205. So it is like tied aid?
(Mr Bloomer) Yes.
206. A similar situation, so is anyone actually
saying that the ACP countries should not be allowed to import
the component parts for a microwave oven, say, from anywhere and
they should not have a tariff? What is the European Union saying,
the Commission?
(Mr Bloomer) In terms of what is being said in
the European Union, it is that the least developed countries,
that sacrosanct category, will be given more flexible rules of
origin but the non least developed countries will not be provided-
or, it is being talked about in those terms, because obviously
it is still early stages of the debate. The president of the World
Trade Organisation has asked and the European Union has I think
demonstrated a very welcome commitment to providing no tariffs
and flexible rules of origin for the least developed countries,
and not just in the ACP group but also the other nine that are
outside the ACP group, and that is very, very welcome. What we
come back to is, is the least developed country category adequate?
It misses out entirely the Caribbean, for instance, it leaves
those out, and therefore their ability, for instance, to begin
to manufacture in the Caribbean products for the European Union
is very curtailed.
Mr Rowe
207. That leads on directly to the next
question, which is that paradoxically, as I understand it, that
some of the Lomé preferences are not actually exploited
to the full because of supply side constraints which I suppose
in non-jargon terms means creating goods of a standard which anybody
wants to buy. What sort of trade development measures should the
ACP countries be helped to create to overcome that difficulty?

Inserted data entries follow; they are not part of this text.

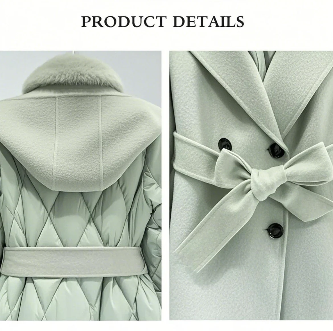 Women's Cozy Mid-to-Long Cashmere Down Jacket Double-Sided Tweed with White Duck Double Breasted Closure Nylon Lining for Winter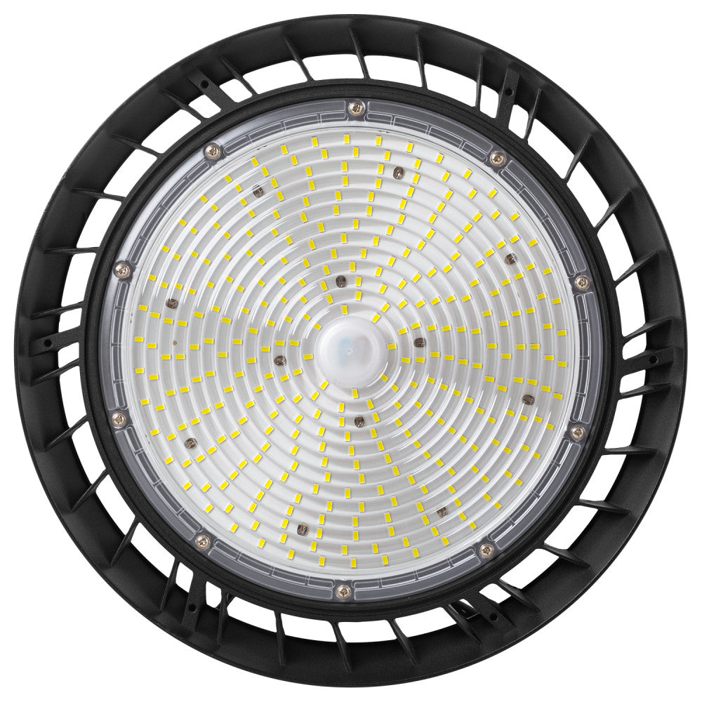 La Campana UFO de 200 W con regulación 1-10 V es una solución de iluminación eficiente y versátil. Con una eficiencia lumínica de 180 lm/W, esta lámpara proporciona una cantidad impresionante de luz por cada vatio de energía consumido. Su diseño UFO es elegante y moderno, y ofrece una distribución uniforme de la luz, lo que la hace perfecta para techos altos y grandes espacios. La regulación 1-10 V permite ajustar la intensidad de la luz con precisión, lo que la hace ideal para diferentes aplicaciones y entornos.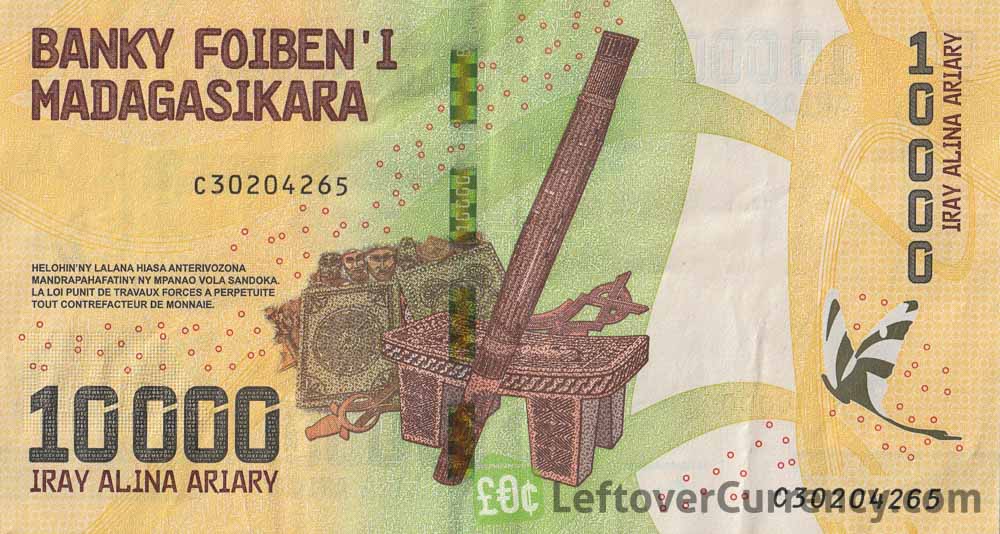 The obverse of this 10,000 Malagasy Ariary banknote features the Port of Ehoala and a turtle. The reverse of the 10,000 Ar note depicts a Valiha, a Madagascan instrument, and products carved into wood by the Zafimaniry, a sub-group of the Betsileo ethnic group of Madagascar. Text on the 10,000 MGA bill reads “Iray Alina Ariary”.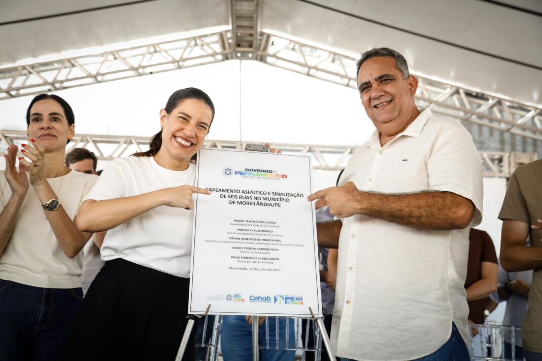 “Uma alegria muito grande poder estar aqui em Moreilândia, chegando à vida da população que mais precisa, com calçamento e asfalto na cidade, além da estrada da PE-540, que liga a cidade ao destino Caririmirim, uma rodovia que foi sonhada há décadas por muitas gerações. Para mim é uma alegria poder como governadora estar inaugurando um tempo novo nessa cidade e uma nova creche, que estará no distrito”, destacou a governadora Raquel Lyra.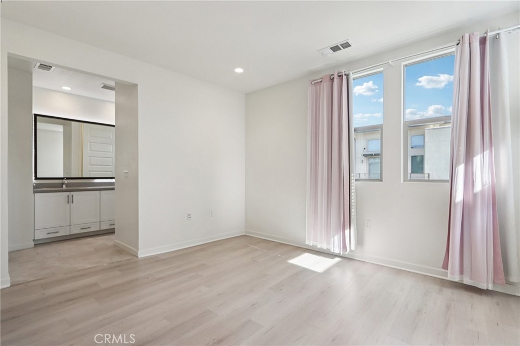 Luxury Living at Its Best! Welcome to this stunning, move-in-ready townhome located in the prestigious resort-style community of The District. This exquisite 4-bedroom, 3.5-bath corner residence, spanning just under 2,100 sq ft, offers an exceptional blend of modern elegance and upscale living. Designed for effortless entertaining, the open-concept floor plan features a spacious living room with a private balcony and a true chef’s kitchen showcasing a large center island, quartz countertops, stainless steel appliances, farmhouse sink, and pantry. The entry level includes a private bedroom—ideal for guests, a home office, or multigenerational living—along with direct access to a two-car garage. Upstairs, you’ll find three additional bedrooms, a separate laundry room with built-ins, and a luxurious primary suite complete with an en-suite bath featuring dual vanities, an expansive wall-to-wall shower, and a walk-in closet. Additional highlights include a tankless water heater, tile flooring in the living areas, laminate flooring in the bedrooms, dual-pane windows, and numerous modern upgrades throughout. Residents enjoy The District’s resort-style amenities, including a sparkling pool and spa, outdoor cooking and BBQ areas, picnic spaces, dog park, fire pits, stylish lounge seating, an entertainer’s area with TV, and ample guest parking. Ideally located near premier shopping and dining destinations such as Northridge Fashion Center, Porto’s Bakery, Costco, Target, Super King Marketplace, and Lowe’s. Northridge living at its finest.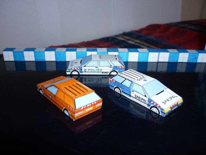 Quand j'ai refait ce modèle sous Inkscape en novembre dernier, j'ai ajouté des carosseries non prévues : 3 portes (pas encore montée), break 3 portes vitré et break 3 portes tôlé. Sur la photo ci-dessous figurent un break 5 portes de la police nationale de mon état fictif, un break trois portes d'une police autonome de ce même état et un break 3 portes tôlé de la DDE locale. Il manque la rampe sur celle de la PN.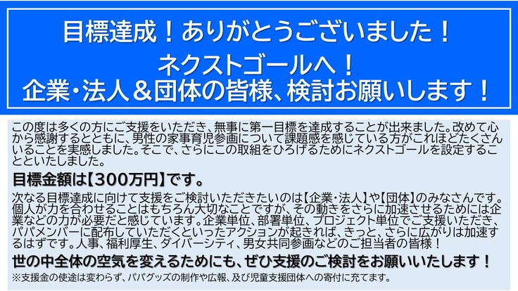 集まった支援はNPO法人ファザーリング・ジャパンがグッズ制作、送付およびPAPATOプロジェクトの周知拡大のため広報や販路拡大のための費用、また、児童支援に関わる団体への寄付として使います。

(Mr Bloomer) As I started with, the first difficulty
is that many of the tariffs, the preference, the difference in
the tariff, is not sufficient to provide a real incentive, a significant
incentive, for the ACP countries: only 7 per cent have a 5 per
cent preference for the ACP. Nevertheless what you say is very
important in terms of the ability of the African, Caribbean and
Pacific countries to manufacture goods at a competitive price
at a good enough quality to become competitive in a European Union
market. We believe that one of the difficulties in the past of
Lomé IV, for instance, but particularly Lomé III
and II, is that there has not been sufficient emphasis in the
aid programme on really tackling the difficulties that the ACP
countries have in producing goods at a good price and a good quality.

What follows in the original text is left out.